Intravenous iron isomaltoside improves hemoglobin concentration and iron stores in female iron‐deficient blood donors: a randomized double‐blind placebo‐controlled clinical trial

• Published in: Transfusion (Philadelphia, Pa.) Vol. 58; no. 4; pp. 974 - 981
• Main Authors: Gybel‐Brask, Mikkel, Seeberg, Jens, Thomsen, Lars L., Johansson, Pär I.
• Format: Journal Article
• Language: English
• Published: United States Wiley Subscription Services, Inc 01.04.2018
• Subjects: Adolescent; Adult; Anemia, Iron-Deficiency - blood; Anemia, Iron-Deficiency - complications; Anemia, Iron-Deficiency - drug therapy; Blood; Blood & organ donations; Blood Donors; Clinical trials; Disaccharides - administration & dosage; Disaccharides - adverse effects; Disaccharides - therapeutic use; Double-Blind Method; Double-blind studies; Fatigue; Fatigue - etiology; Female; Ferric Compounds - administration & dosage; Ferric Compounds - adverse effects; Ferric Compounds - therapeutic use; Ferritin; Ferritins - blood; Hematinics - administration & dosage; Hematinics - adverse effects; Hematinics - therapeutic use; Hemoglobin; Hemoglobins - analysis; Humans; Infusions, Intravenous; Intravenous administration; Iron; Iron - blood; Iron deficiency; Menstruation; Prospective Studies; Randomization; Safety; Side effects; Stores; Transferrin; Transferrins; Young Adult
• ISSN: 0041-1132; 1537-2995; 1537-2995
• DOI: 10.1111/trf.14521

BACKGROUND This trial evaluated the efficacy and safety of intravenous (IV) iron isomaltoside (Monofer) in comparison with placebo in first‐time female blood donors.

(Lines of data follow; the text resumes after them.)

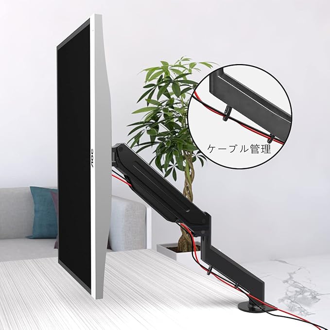 【省スペース】モニターの台座を必要としないので、モニタ下のスペースに書類やキーボードなどを収納でき、デスクの上を広く使うことができます。アーム内部にケーブルを収納できるケーブルホルダーが付いているのでケーブルをキレイに配線できます。ケーブルが遊ばず邪魔になりません。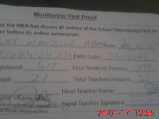 | Certified that this School was Inspected by the Undersigned MEA/DMO Today and the Information Stated Above is as Per Record. | |||||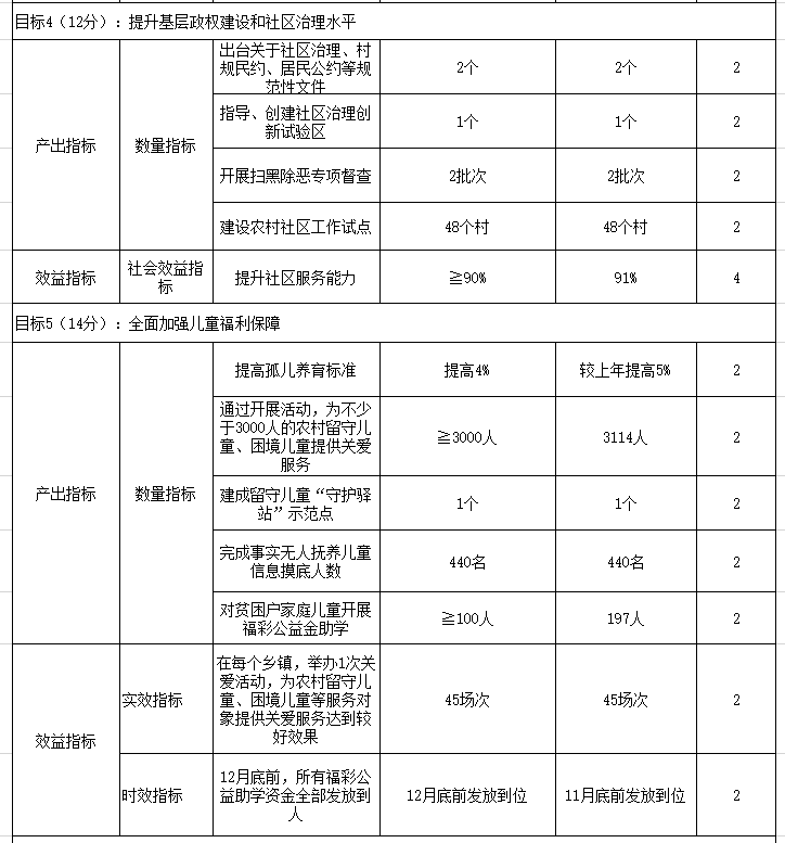 ? 根據(jù)《2019年市直部門整體支出績效自評表》中績效指標分析評分,隨州市民政局2019年部門整體支出績效自評得98.58分,績效等級為優(yōu)。在切實加強社會救助體系建設(shè)、大力發(fā)展慈善公益事業(yè)、加快推進養(yǎng)老服務(wù)業(yè)發(fā)展、全面加強兒童福利保障、切實加強流浪乞討人員救助、提升基層政權(quán)建設(shè)和社區(qū)治理水平、引導(dǎo)社會組織和社會工作健康有序發(fā)展、統(tǒng)籌推進專項社會事務(wù)管理等方面取得良好的社會效益。發(fā)現(xiàn)的問題:一是因部門整體支出的預(yù)算資金安排和使用上仍有不可預(yù)見性,還需加強預(yù)算管理,科學編制預(yù)算;二是工作經(jīng)費短缺,多項工作沒有專項經(jīng)費,影響工作開展;三是加強財務(wù)人員的隊伍建設(shè)和業(yè)務(wù)指導(dǎo),提高績效管理人員業(yè)務(wù)水平,建立績效評價的長期機制。下階段將進一步抓好項目設(shè)置,科學編制預(yù)算。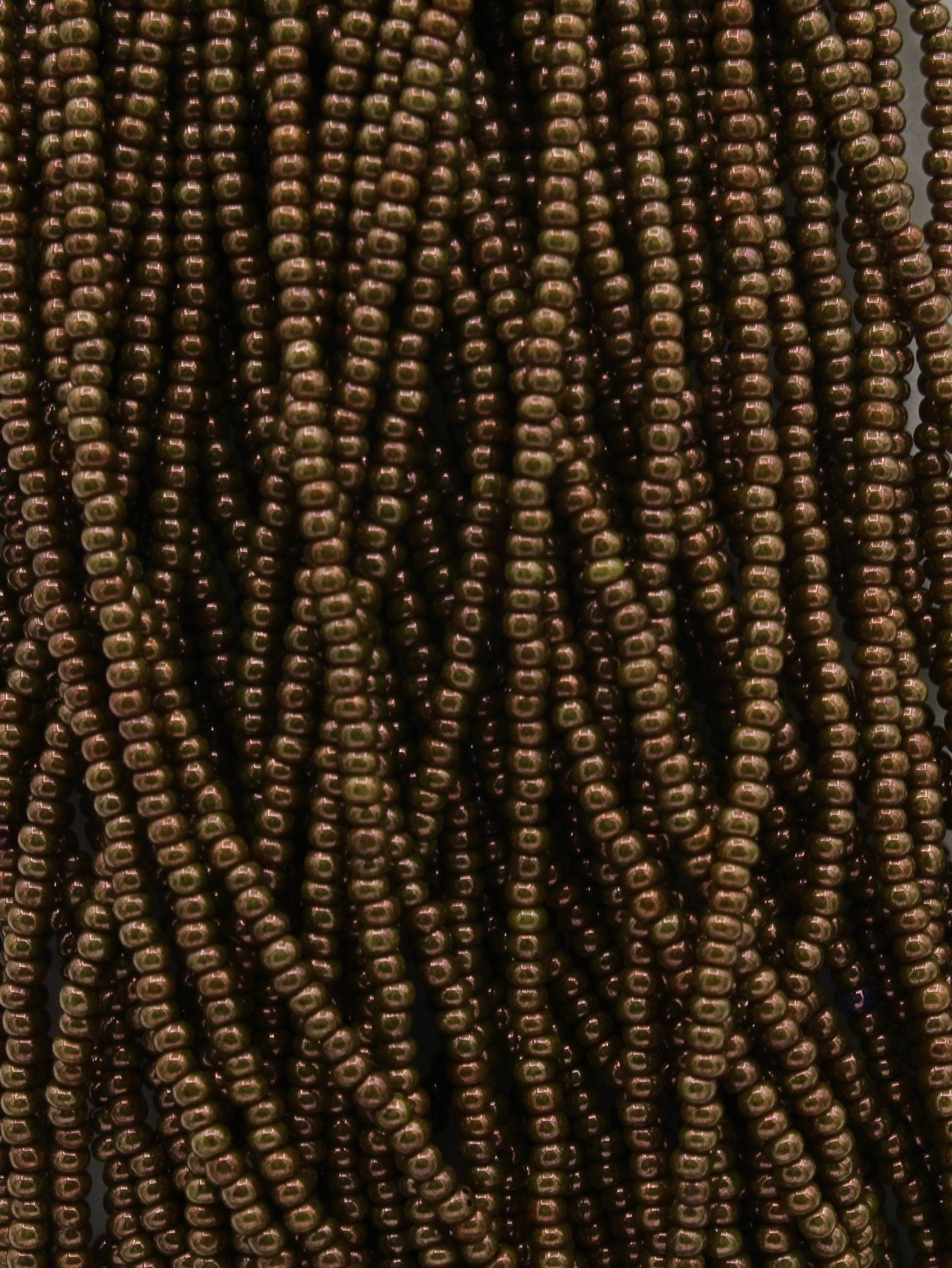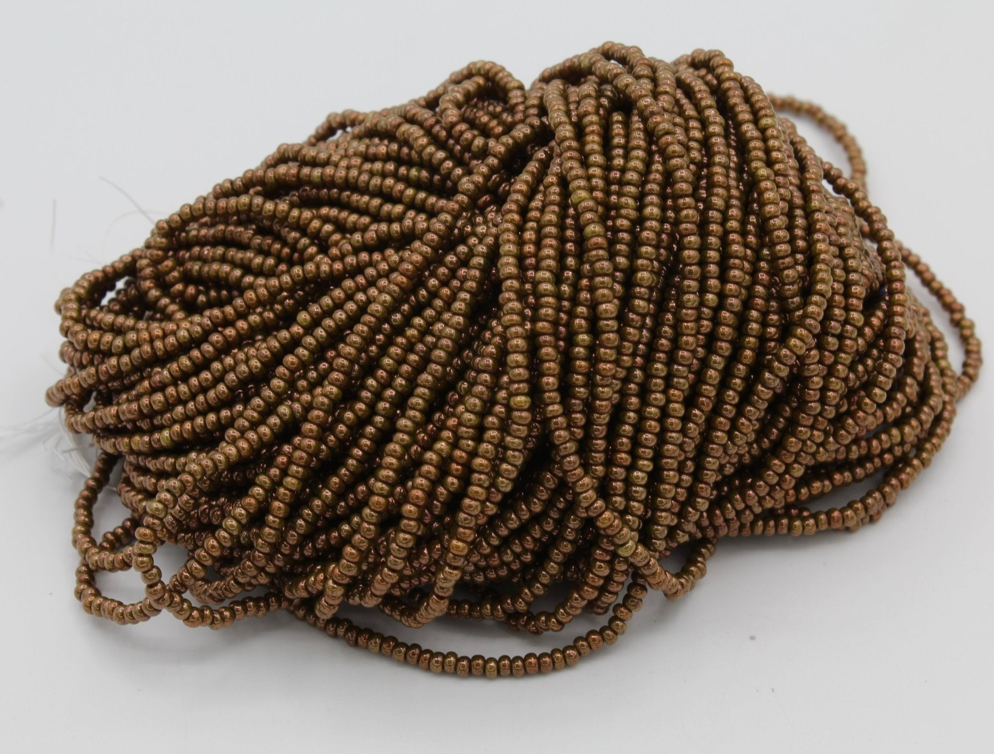 These beads are sold by the hank. Each hank has 12 strands with a total of approximately 4,000 beads. Lined up on a needle, roughly 17 beads = 1 inch (25mm).

STUDY DESIGN AND METHODS The trial was a prospective, double blind, placebo‐controlled, randomized, comparative, single‐center trial of 85 first‐time female blood donors. The subjects were randomly assigned 1:1 to either 1000 mg IV iron isomaltoside infusion or placebo. The primary endpoint of the trial was change in hemoglobin (Hb) from baseline to right before the third blood donation. RESULTS The increase in Hb was significantly higher for iron isomaltoside compared with placebo right before both the second blood donation (p = 0.0327) and the third blood donation (primary endpoint, p < 0.0001). Improvements in other iron‐related variables (plasma iron, plasma ferritin, transferrin saturation, and reticulocyte count) in favor of iron isomaltoside were also observed. The trial was not powered on patient‐reported outcomes. However, improvements in iron stores and Hb levels after iron isomaltoside administration were supported by the fact that several of the fatigue symptoms scores showed numerical differences in favor of iron isomaltoside. There were no differences in side effects between the groups. CONCLUSION In iron‐deficient female blood donors a single IV iron isomaltoside administration resulted in an improvement in Hb concentration and iron stores and demonstrated a favorable safety profile comparable to placebo.